In New Zealand, receivership processes are governed by the Receiverships Act 1993.  The Receiverships Act specifies the minimum requirements to be appointed as a receiver (no formal qualifications are necessary).  Receivers are either appointed by a secured creditor (as an agent of the company)1,  or occasionally by a court.
A receiver is usually appointed over all (or nearly all) of the company’s property, including its business (known as a general receivership), but can be appointed over a discrete part of the company’s property.  In general receiverships, the receiver will usually have the power to manage the company’s business in addition to the power to sell the company’s assets2 .
Except where receivers are appointed by the court, secured creditors must have a contractual power to appoint a receiver in respect of property that is charged in favour of the creditor.  The appointing creditor’s security agreement will usually grant the secured creditor the power to appoint a receiver at any time after the underlying debt is overdue and outstanding but other events of default (such as breaches of covenant) will usually entitle a creditor to appoint.

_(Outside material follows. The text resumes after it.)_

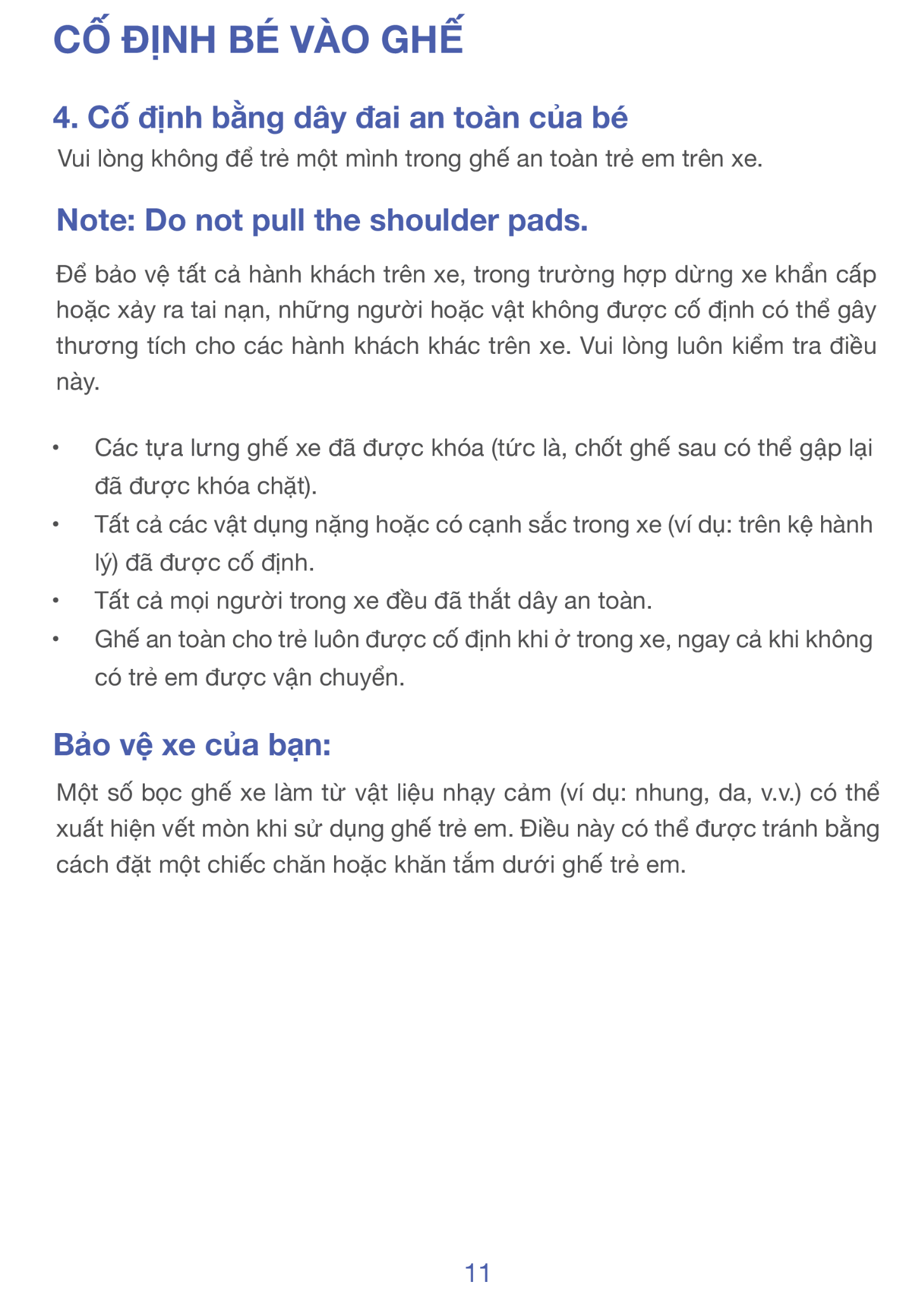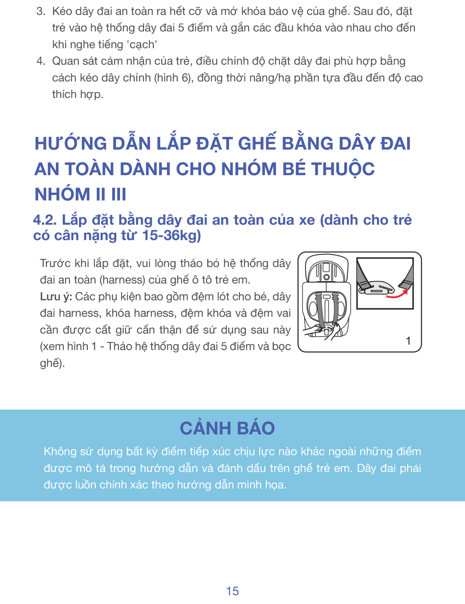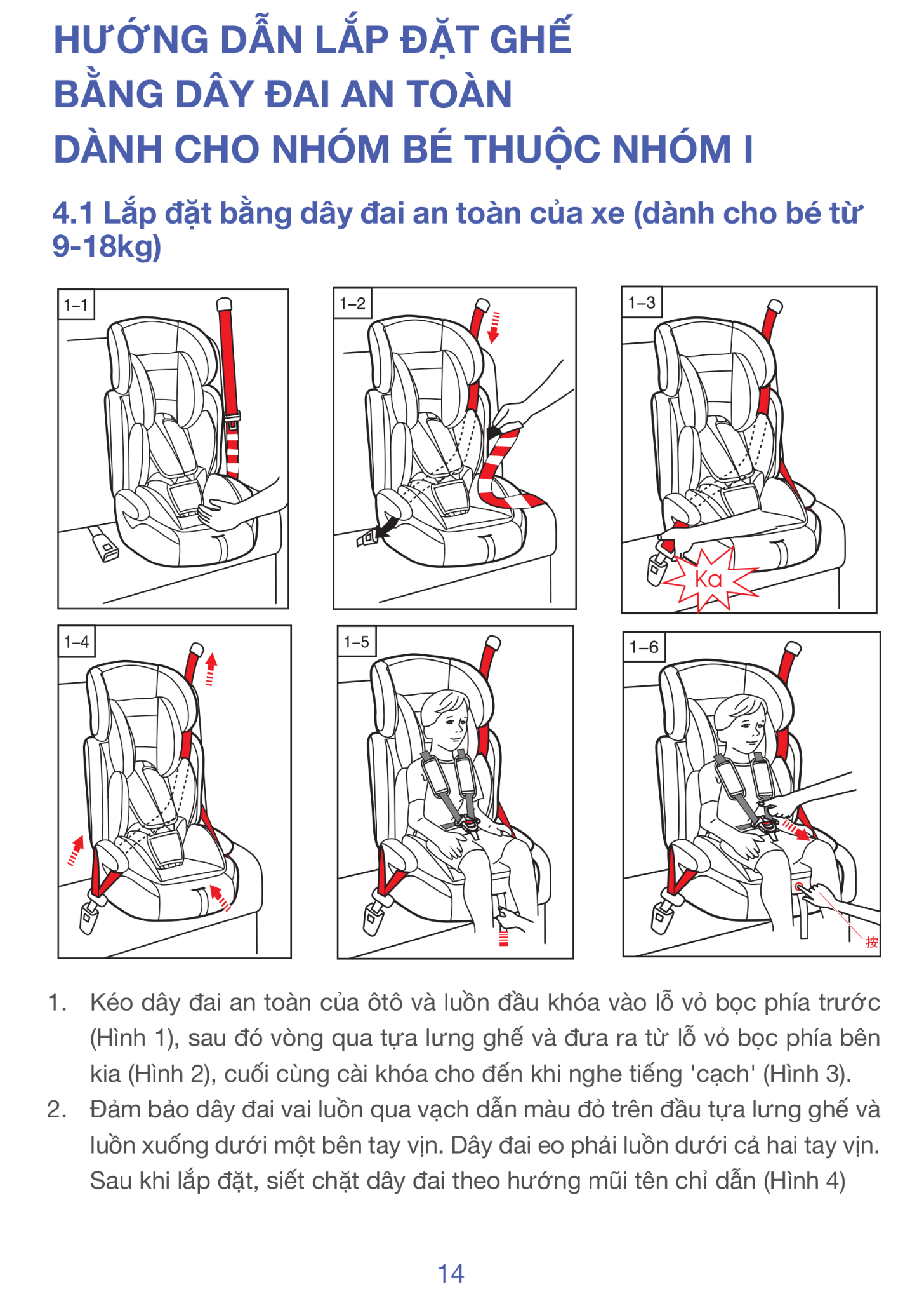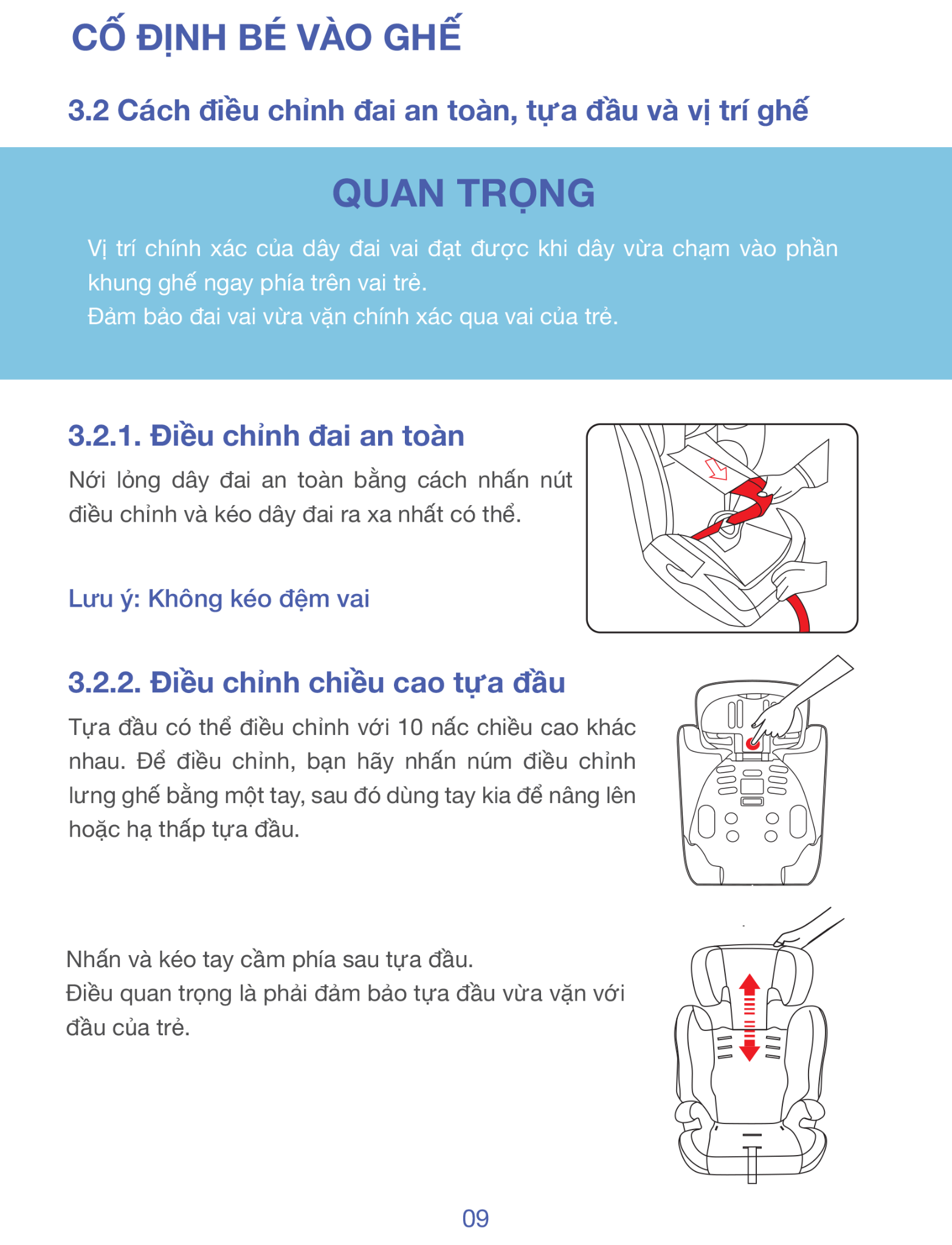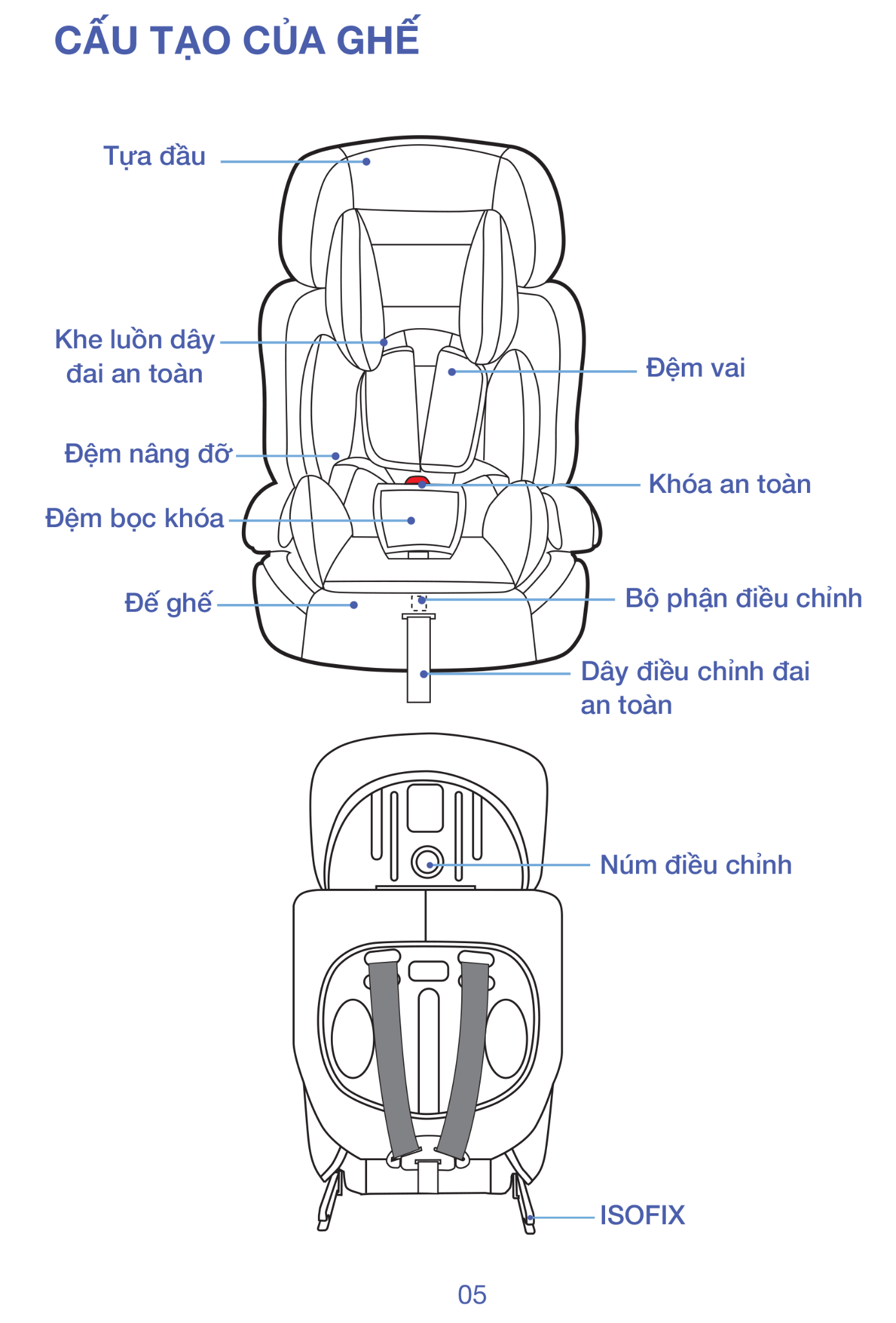 Điều chỉnh: 6 mức độ cao tựa đầu / 4 mức dây đai / tựa lưng ngả theo ghế xe

Receivers may also be appointed by the High Court3  or a District Court4   However the courts consider that this power should only be used in exceptional cases and as a last resort.  Court appointments are very rare in New Zealand and will only happen where it is necessary to preserve property at risk or to enforce a judgment5.   
Although the powers expressly or impliedly conferred by a security agreement remain the basis of the receiver’s powers, section 14(2) supplements these powers and provides that a receiver may, inter alia, demand and recover income of the property in receivership and manage the property in receivership.  The Receiverships Act confers a wide range of additional powers6.   In all cases, receivers are required to exercise their powers in good faith, for a proper purpose and in the best interests of the appointing secured creditor7
A company is placed into liquidation upon the appointment of a liquidator.  A liquidator can be appointed at the initiative of the shareholders, the directors or by the High Court on application by specified persons, including a creditor.  
The purpose of liquidation is to entitle a liquidator to sell off a company’s assets and distribute the proceeds amongst the company’s creditors.  If any proceeds remain after the creditors are paid, these are distributed to the shareholders though, in practice that will rarely eventuate.
Liquidation commences on the date and at the time at which the liquidator is appointed8.   From the date of appointment, the liquidator has custody and control of the company’s assets, and the company’s directors are effectively displaced.  
Section 253 of the Companies Act 1993 outlines the duties of the liquidator.  Those duties are to: 
take possession of, protect, realise, distribute the assets, or the proceeds of realisation of the assets of the company, to its creditors; and 
distribute any surplus funds or assets according to the company’s constitution, or, if the company does not have a constitution, in accordance with the Companies Act 1993.  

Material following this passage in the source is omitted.